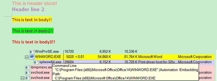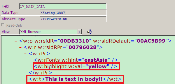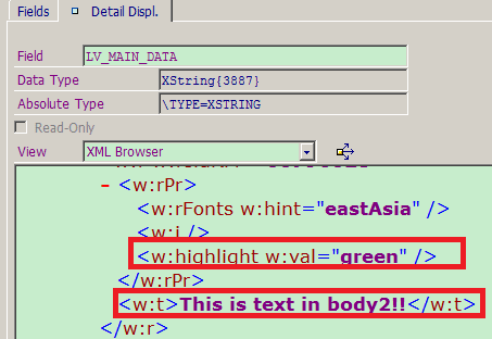 (3) from document instance we can get main part instance. Its binary data includes all the three body line texts with their font color:
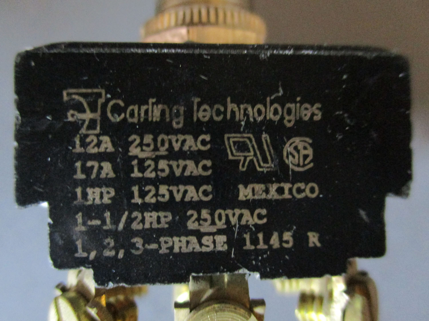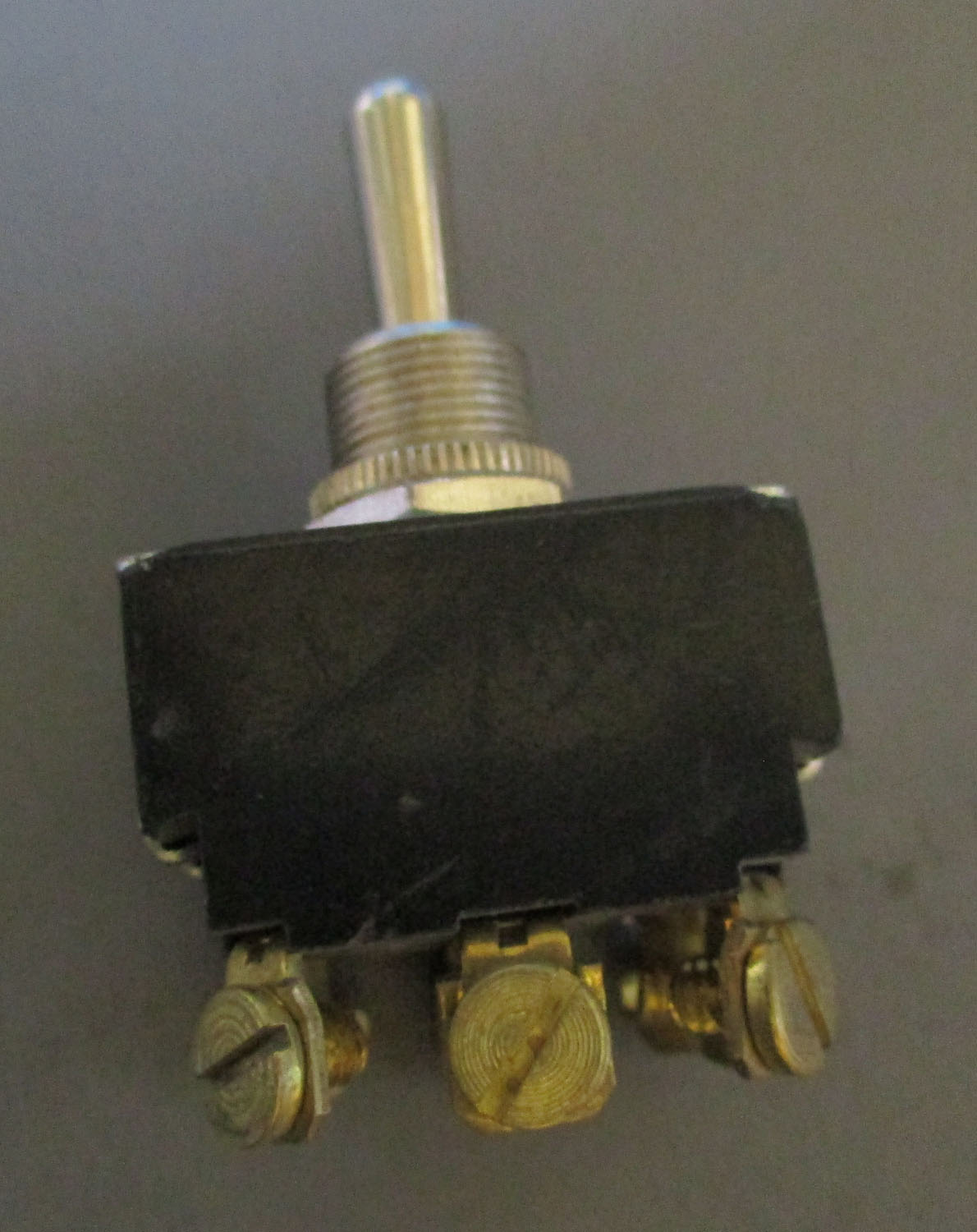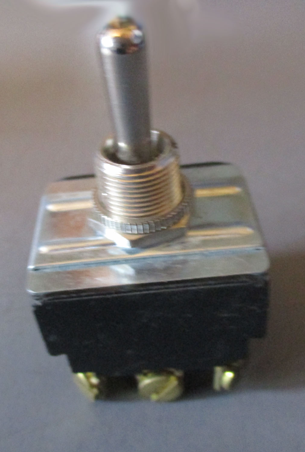 NEW This is a three-pole, double-throw maintained switch for a Decomatic washer. The switch is 1 1/8″ tall, 1 5/16″ wide, and 1 1/16″ deep. The lever extends 1 1/8″ from the main body. The threaded section has an outer diameter of 7/16″. The indicated specifications are:
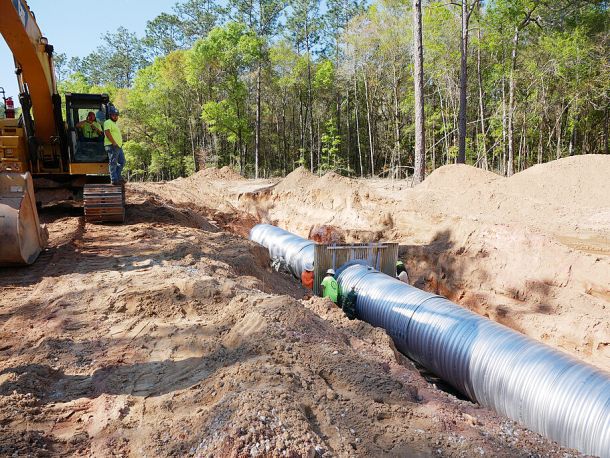A major storm event in April 2014 resulted in 24 inches of rain in an eight-hour time frame, causing widespread flooding and many erosion problems on private lands in Santa Rosa County. A major problem that occurred during this storm was the formation of a large gully on the property owned by Jimmy Andajaur and Kari Brock in north-central Santa Rosa County. Overnight, a gully approximately 30 feet deep, 50 feet wide, and over a quarter mile long formed.
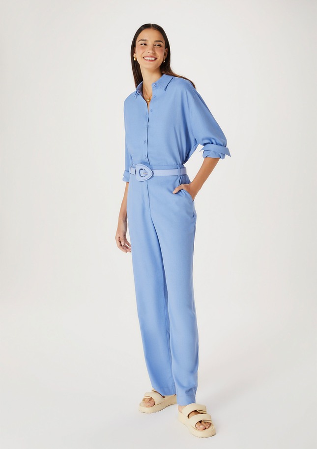 Calça Feminina Reta Cintura Alta Em Linho. Elaborada em tecido plano de linho e viscose. Conta com cintura alta, cós alfaiatado, abertura de botão frontal, passantes, bolsos faca frontais e bolsos embutidos nas costas. Modelagem com pernas levemente soltas do corpo.
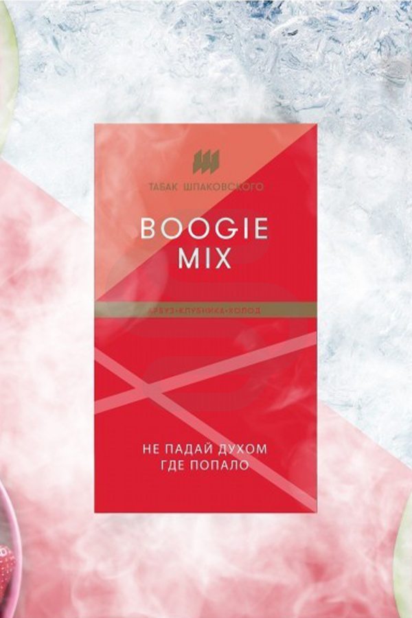 Табак Шпаковского Boogie Mix (Арбуз, клубника, холод) – летний коктейль сладкого арбуза, спелой клубники украшенных кусочками льда.
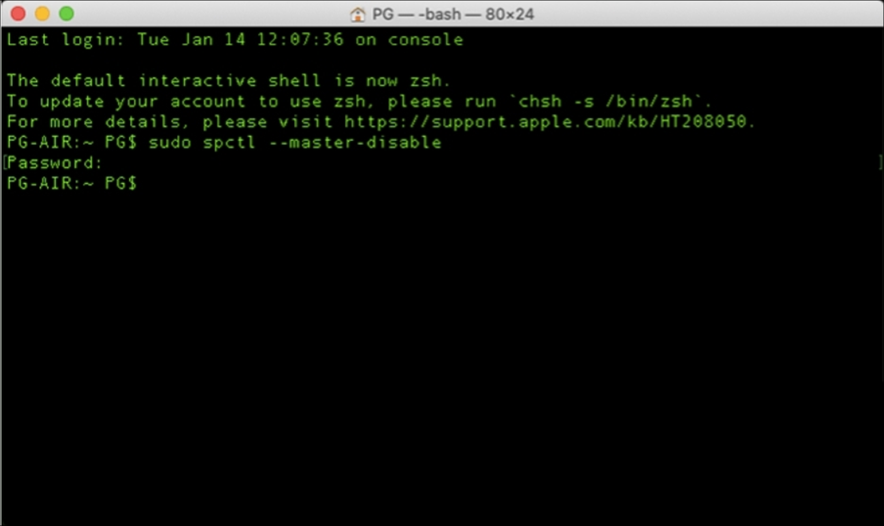 sudo spctl --master-disable 명령어로 게이트키퍼 비활성화가 가능합니다.
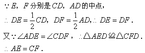 如图,已知四边形ABCD是菱形,点E,F分别是边CD,AD的中点.求证:AE=CF.
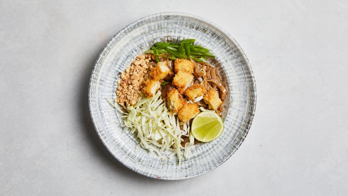 Risnudler, Tofu, Spidskål, Forårsløg, med peanuts & lime
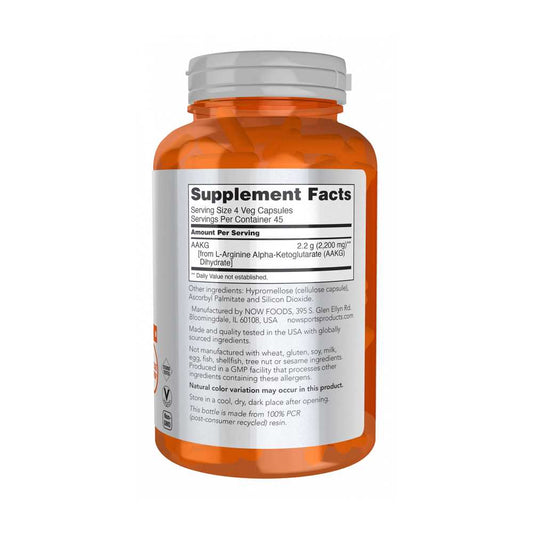 Now Sports Aakg 2200 – Arginine Alpha-Ketoglutarate Formula – Nitric Oxide Booster Veg Capsules – 180 Count
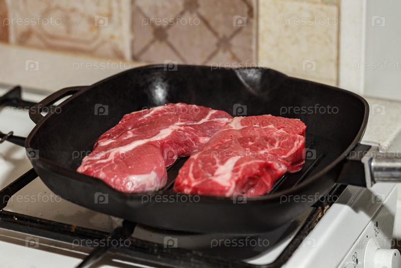 Два свежих сырых Prime Black Angus Chuck говяжьих стейка, жареных в сковороде на газовой плите
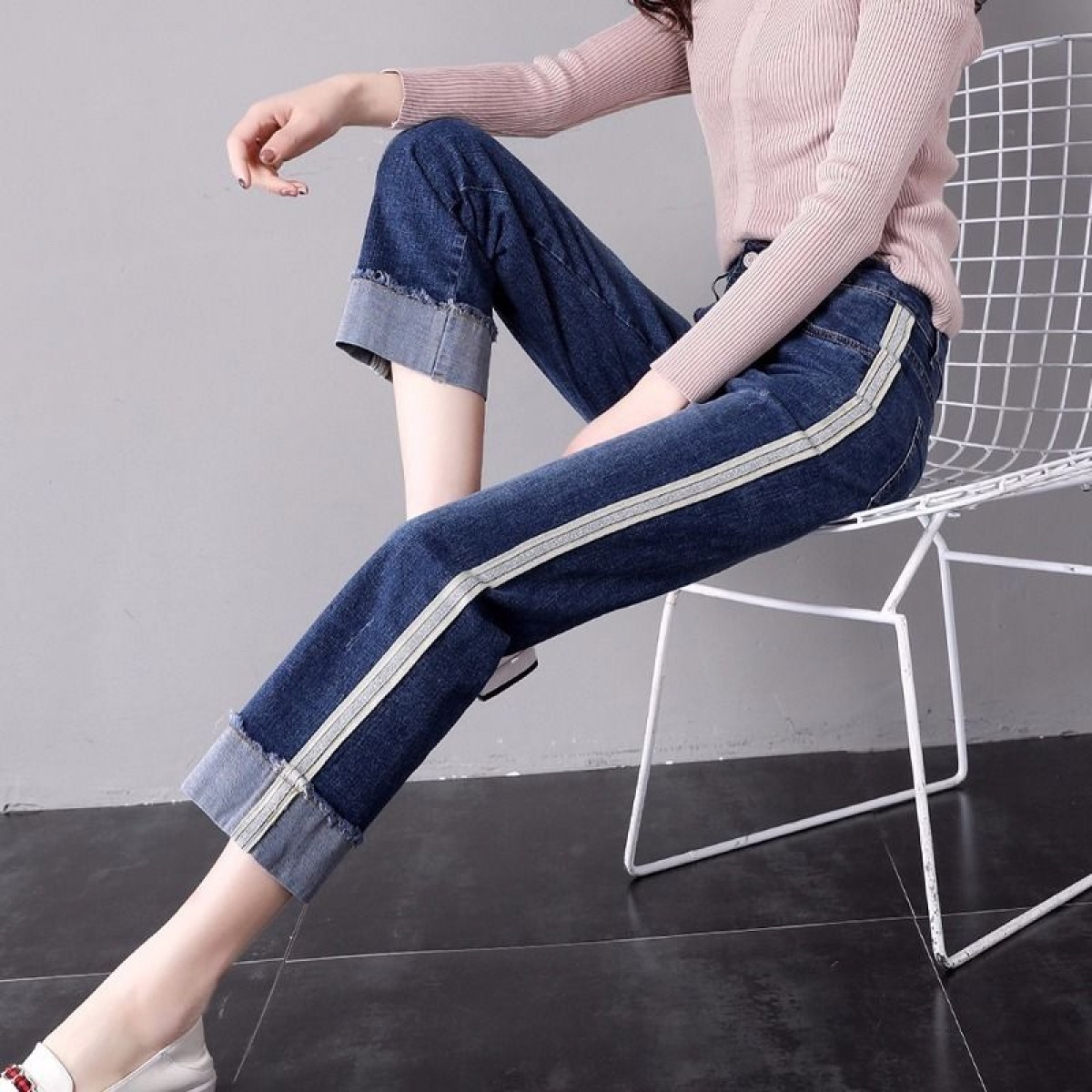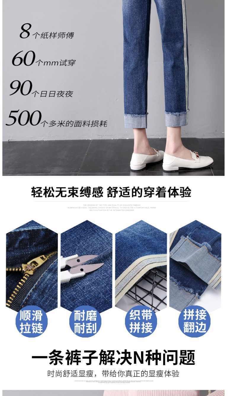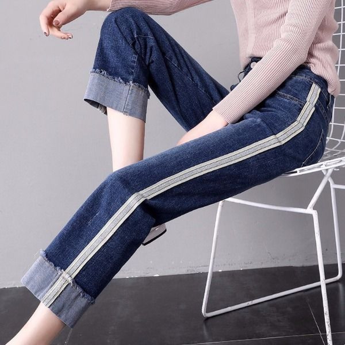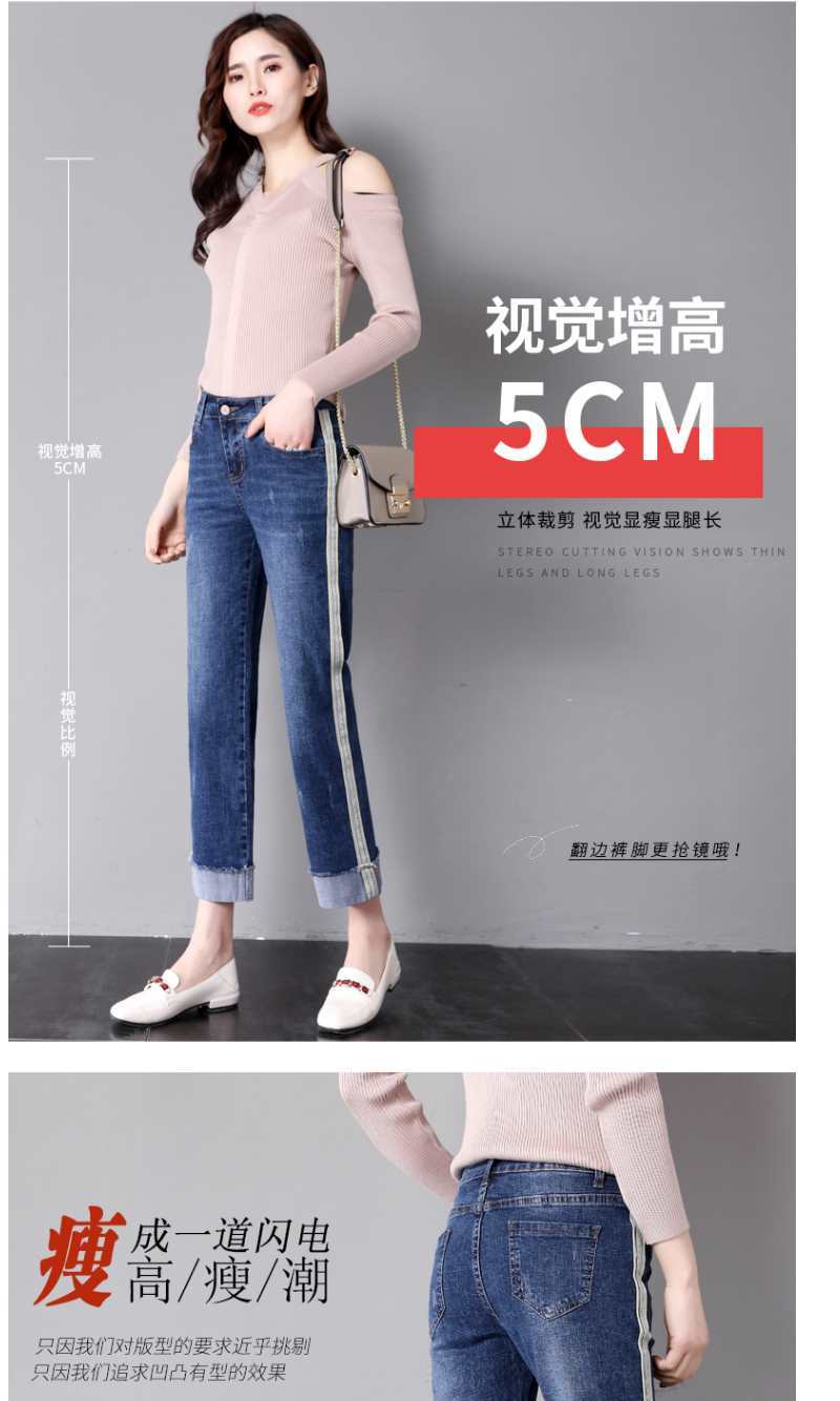 商品名稱:直筒牛仔褲女2019秋季新款寬松高腰闊腿褲翻邊顯瘦百搭女士褲
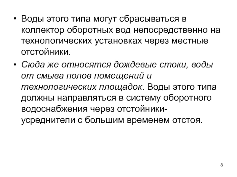 Слайд 8Воды этого типа могут сбрасываться в коллектор оборотных вод непосредственно
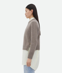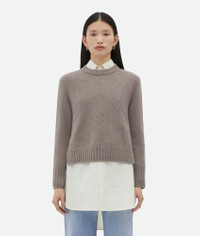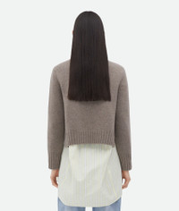 Felted wool sweater. Product details • Felted wool sweater • Metal knot button closure • Regular fit Material: 100% Wool • Color: Riverbed Made in: Italy Size & fit • Model is 180 cm | 5'11" and is wearing a Bottega Veneta size S
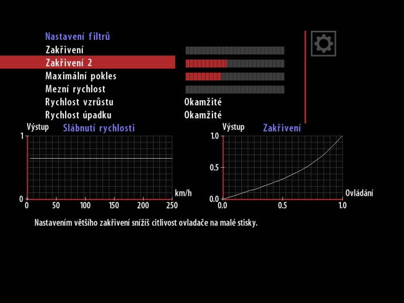 Tim zvysenim zakriveni na ose si snizis citlivost volantu,coz je u takove hry jakou RBR je velka skoda..Zalezi na uhlu otaceni, jake podporuje volant,ale mit takto nastaveny filtr a rozsah 270° to uz je skoro jako na klavesnici

§ Task brief:
Please write out all the data word for word, but keep every picture out.

§ Written reply:
 (3) from document instance we can get main part instance. Its binary data includes all the three body line texts with their font color:
 NEW This is a three-pole, double-throw maintained switch for a Decomatic washer. The switch is 1 1/8″ tall, 1 5/16″ wide, and 1 1/16″ deep. The lever extends 1 1/8″ from the main body. The threaded section has an outer diameter of 7/16″. The indicated specifications are:
A major storm event in April 2014 resulted in 24 inches of rain in an eight-hour time frame, causing widespread flooding and many erosion problems on private lands in Santa Rosa County. A major problem that occurred during this storm was the formation of a large gully on the property owned by Jimmy Andajaur and Kari Brock in north-central Santa Rosa County. Overnight, a gully approximately 30 feet deep, 50 feet wide, and over a quarter mile long formed.
 Calça Feminina Reta Cintura Alta Em Linho. Elaborada em tecido plano de linho e viscose. Conta com cintura alta, cós alfaiatado, abertura de botão frontal, passantes, bolsos faca frontais e bolsos embutidos nas costas. Modelagem com pernas levemente soltas do corpo.
 Табак Шпаковского Boogie Mix (Арбуз, клубника, холод) – летний коктейль сладкого арбуза, спелой клубники украшенных кусочками льда.
 sudo spctl --master-disable 명령어로 게이트키퍼 비활성화가 가능합니다.
 如图,已知四边形ABCD是菱形,点E,F分别是边CD,AD的中点.求证:AE=CF.
 Risnudler, Tofu, Spidskål, Forårsløg, med peanuts & lime
 Now Sports Aakg 2200 – Arginine Alpha-Ketoglutarate Formula – Nitric Oxide Booster Veg Capsules – 180 Count
 Два свежих сырых Prime Black Angus Chuck говяжьих стейка, жареных в сковороде на газовой плите
 商品名稱:直筒牛仔褲女2019秋季新款寬松高腰闊腿褲翻邊顯瘦百搭女士褲
 Слайд 8Воды этого типа могут сбрасываться в коллектор оборотных вод непосредственно
 Felted wool sweater. Product details • Felted wool sweater • Metal knot button closure • Regular fit Material: 100% Wool • Color: Riverbed Made in: Italy Size & fit • Model is 180 cm | 5'11" and is wearing a Bottega Veneta size S
 Tim zvysenim zakriveni na ose si snizis citlivost volantu,coz je u takove hry jakou RBR je velka skoda..Zalezi na uhlu otaceni, jake podporuje volant,ale mit takto nastaveny filtr a rozsah 270° to uz je skoro jako na klavesnici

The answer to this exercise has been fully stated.